> TASK DETAILS: Copy the lines from the start of the records below through the line containing "微信的序列号生成器由仲裁服务", both included, and leave out the pictures.

+ + + + +

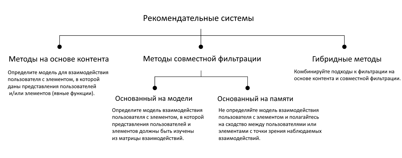 Вся рекомендательная сеть может быть распределена на несколько категорий (по Rocca, 2019):
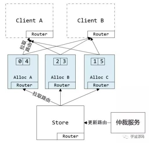 微信的序列号生成器由仲裁服务生成路由表(路由表保存了uid号段到AllocSvr的全映射),路由表会同步到AllocSvr跟Client。如果AllocSvr宕机的话会由仲裁服务重新调度uid号段到其它AllocSvr。
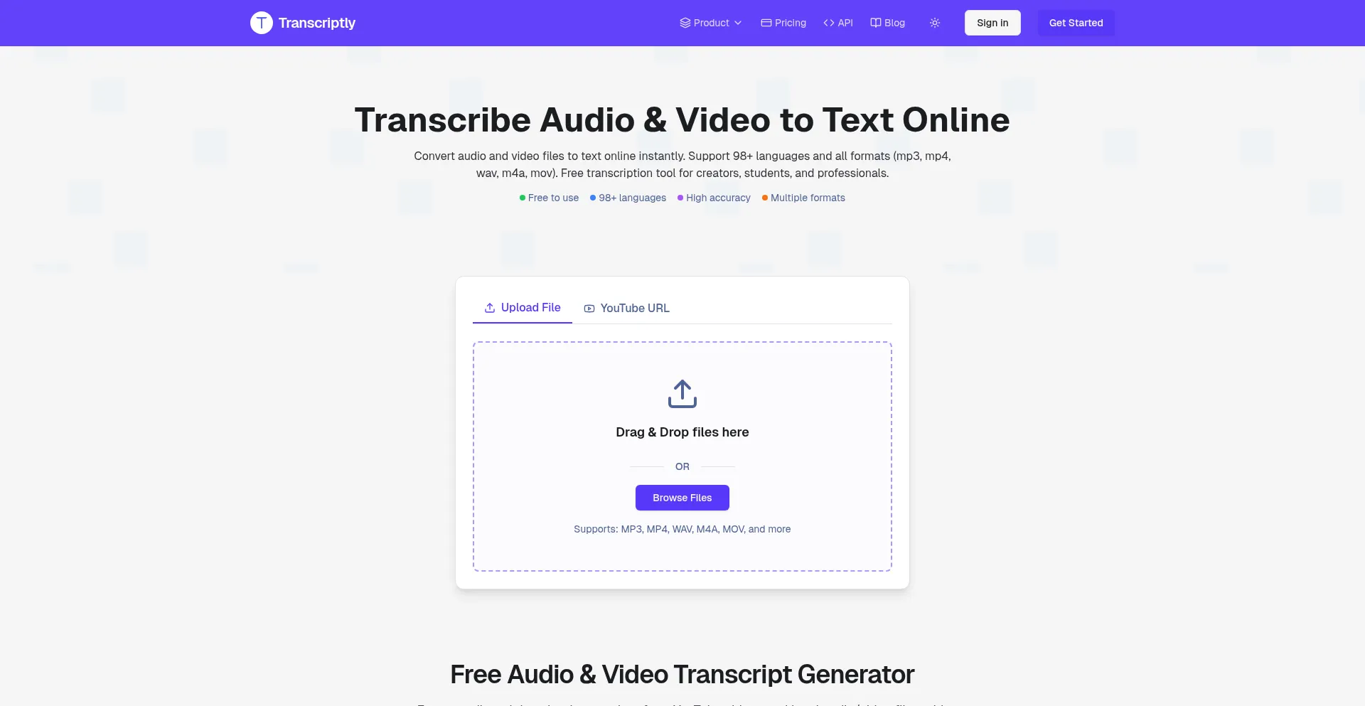 Transcriptly is a free audio and video to text converter. Convert YouTube videos and local media files (MP3, MP4, WAV, M4A, MOV) to text in seconds. Support 98+ languages. Perfe...
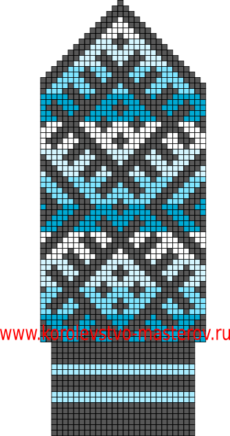 Схема вязания спицами варежек с орнаментом по мотивам северных узоров.
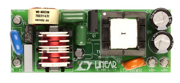圖 2:凌力爾特的 LT3799 離線式 LED驅(qū)動(dòng)器整合了單級(jí)有源濾波,以降低 EMI 并可提供一個(gè)數(shù)值達(dá) 0.98 的功率因數(shù) (頂視圖)。
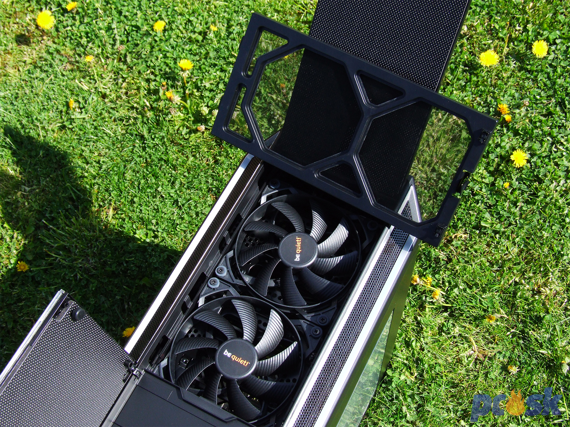 Pre ukážku poskytnem aj zábery predného panelu skrinky, ktorý je zaujímavý. Zložený je z 2 dvierok. Horné sa otvárajú do boku a schovávajú šuflíky pre 5,25“ mechaniky. Tieto dvierka je možné odmontovať. Spodné dvierka sa otvárajú zhora nadol a obsahujú protiprachovú ochranu, ktorú je možné odobrať. Za ňou je už dvojica 140mm ventilátorov.
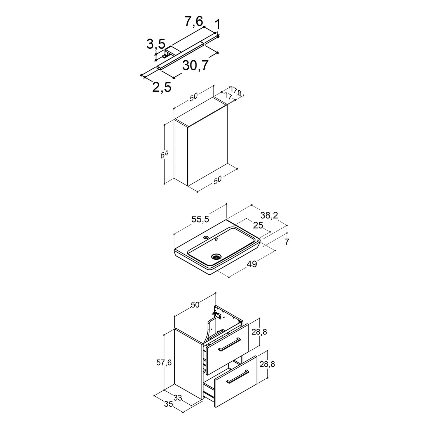 - B: 50 T: 35 H: 57,6 cm
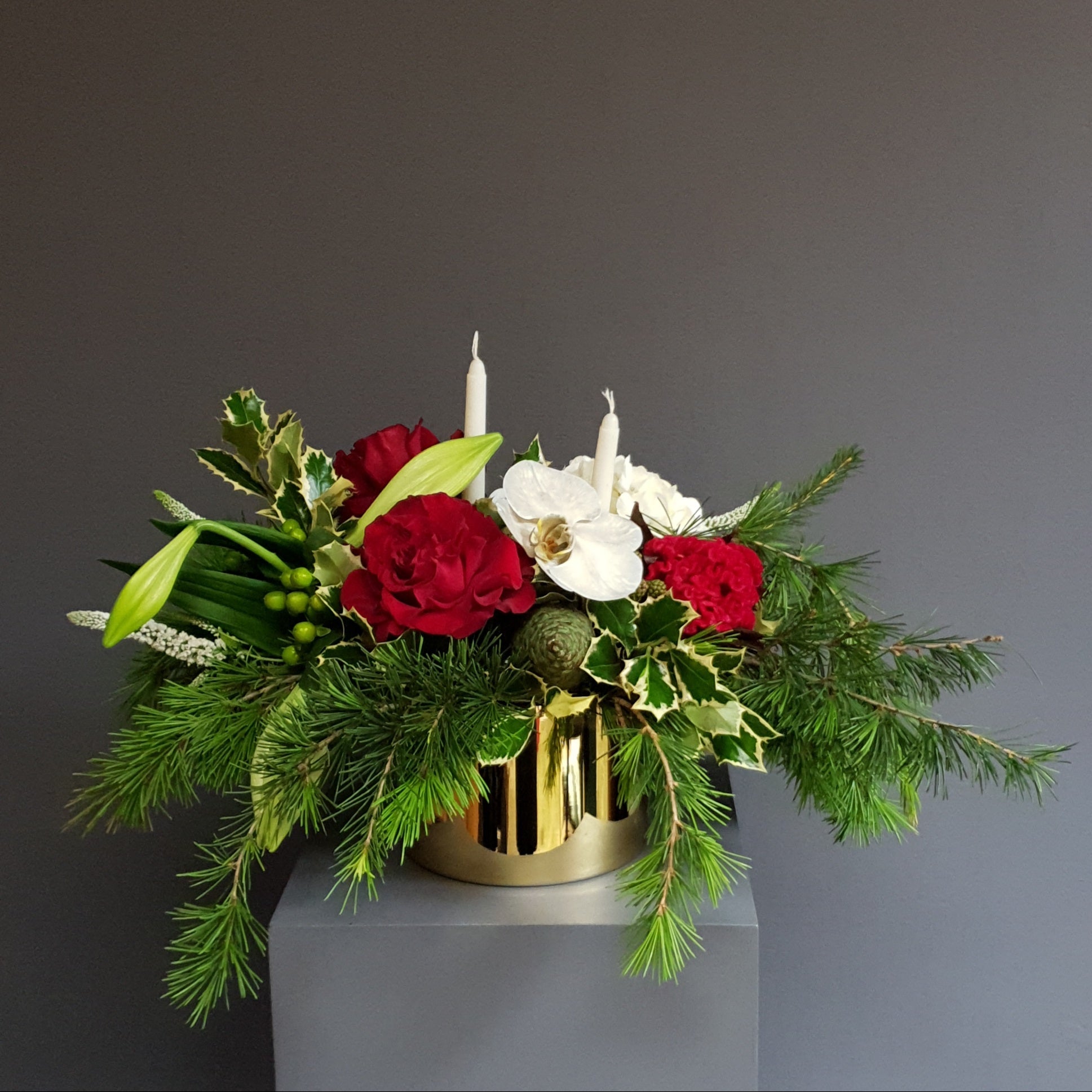 Bring festive charm to your dining table with our beautiful Christmas centerpiece. Featuring lush greenery and fresh seasonal blooms. Designed to capture the spirit of the season, this elegant centerpiece brings a festive charm to any table setting.
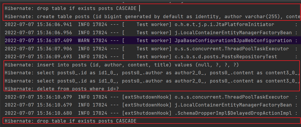 PostsRepositoryTest 클래스에서 테스트 메서드 추가
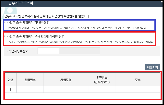근무지코드는 사업장이 본사외 1개 이상일경우 경우 회색박스에 근무지코드 조회하기를 클릭하면 선택할 수 있습니다.
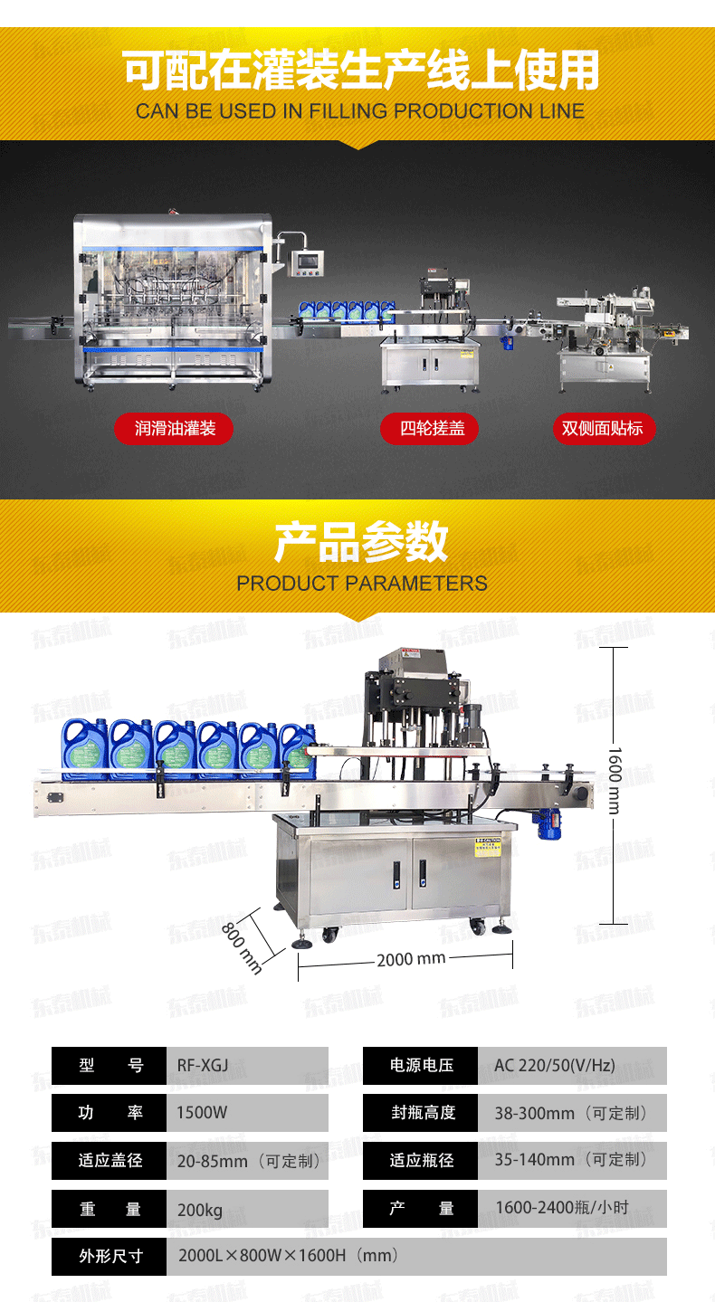 瓶、傳送、旋蓋,機(jī)器自動(dòng)化程度高,穩(wěn)定性好,調(diào)節(jié)方便,更換瓶形或蓋時(shí)無(wú)須備件,只需作調(diào)整即可完成(如配上蓋機(jī),可進(jìn)行自動(dòng)上蓋)可以根據(jù)實(shí)際需要選配。
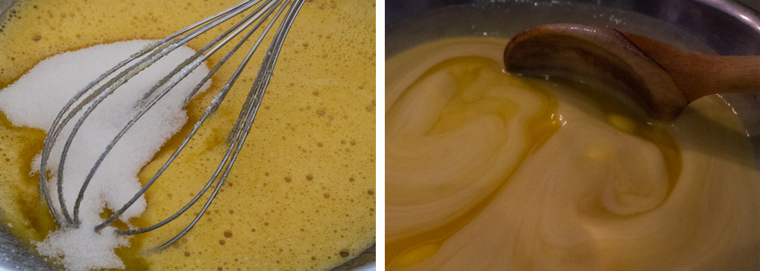 Strain and place into the bowl or the double boiler insert. Place over a saucepan of gently simmering water and add the sugar, butter and zest.
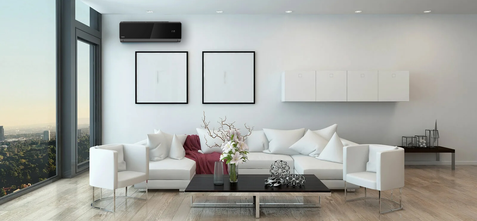 Корпус внутреннего блока имеет глянцевую черную поверхность, напоминающую стекло. Дизайнерский пульт ДУ также выполнен в черном цвете.

+ + + + +

> SOLVED PROBLEM:
 Вся рекомендательная сеть может быть распределена на несколько категорий (по Rocca, 2019):
 微信的序列号生成器由仲裁服务生成路由表(路由表保存了uid号段到AllocSvr的全映射),路由表会同步到AllocSvr跟Client。如果AllocSvr宕机的话会由仲裁服务重新调度uid号段到其它AllocSvr。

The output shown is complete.